# Flat Packs



## orry (Sep 19, 2007)

I have alot of circuit boards with resistors and flat packs on them I saw on steve's video where he taught how to extract these flatpacks what would be the use?


----------



## scavenger (Sep 21, 2007)

I recently processed about 100 flat packs of computer mainboards as an experiment. The ones with gold tabs. I got about a quarter to half a gram of gold. Too much hassle to bother with.


----------



## macfixer01 (Sep 21, 2007)

orry said:


> I have alot of circuit boards with resistors and flat packs on them I saw on steve's video where he taught how to extract these flatpacks what would be the use?





I always thought most surface mount components were pretty worthless, and have probably thrown a lot away that deserved a closer inspection. Apparently the surface mount capacitors contain palladium. I don't know if the resistors are worth anything though?

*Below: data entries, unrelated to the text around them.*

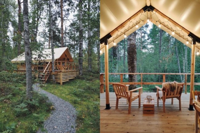 По типу размещения туристическая недвижимость в Карелии изобилует разнообразием. Здесь вы найдете и частные домики, и большие турбазы, типичные деревянные карельские коттеджи для семейного отдыха и маленькие бунгало, комфортабельные шале и новомодные палаточные городки – глэмпинги. Кстати, на базе отдыха Хутор Салокюля представлены все образцы этих типов расселения, включая и два последних.
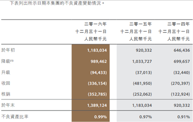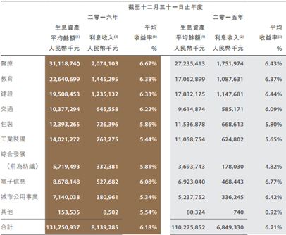可以看到,2016年净利息差为1.79%,大幅提高0.57个百分点,其中生息资产的平均收益率下降3个基点,而平均成本则大幅下降60个基点。
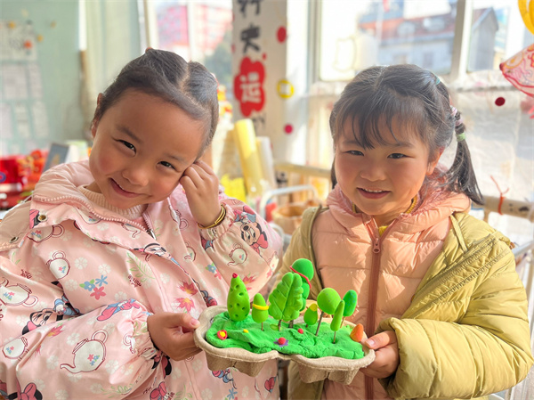 笔下一抹绿,根植在心中。孩子们观察幼儿园的每一株花草,迫不及待地用手中的画笔、七彩的颜料、百变的黏土,记录下所有美好生命的姿态。盼望着春暖花开、盼望着爱的传递……孩子们亲手挑选彩泥、制作树苗装扮自己的专属小花盆。在蛋托上放上厚厚的彩泥当做草地,在草地上捏出不同的树木。把蛋托装饰成绿意盎然的样子。

Regarding flat packs and other surface mounted chips such as these PLCC packages below, I never had much luck but would usually crack open one of each type on a board at least. I've found that generally almost any Rockwell brand chip on a modem or other communications board usually contanis some gold.

macfixer01


----------



## lazersteve (Sep 21, 2007)

Macfixer,

Here's some posts made quite some time ago about those hybrid ics:

http://goldrefiningforum.com/phpBB3/viewtopic.php?p=2970&highlight=modem#2970

I've got hundreds of them on hand and will post yield data when I get some time.

Steve


----------



## macfixer01 (Sep 21, 2007)

lazersteve said:


> Macfixer,
> 
> Here's some posts made quite some time ago about those hybrid ics:
> 
> ...





Hi Steve,
Thank you for the link to that interesting thread. When I looked at my uploaded photo and in your photos also, I happened to notice the date codes. Here these chips were made in the mid 1990's and have an appreciable amount of gold considering their light weight. I bought a lot of piggybacked circuit boards on Ebay earlier this year, which turned out to be from some type of modem. Each board contains several similar Rockwell chips with gold inside.

macfixer01


----------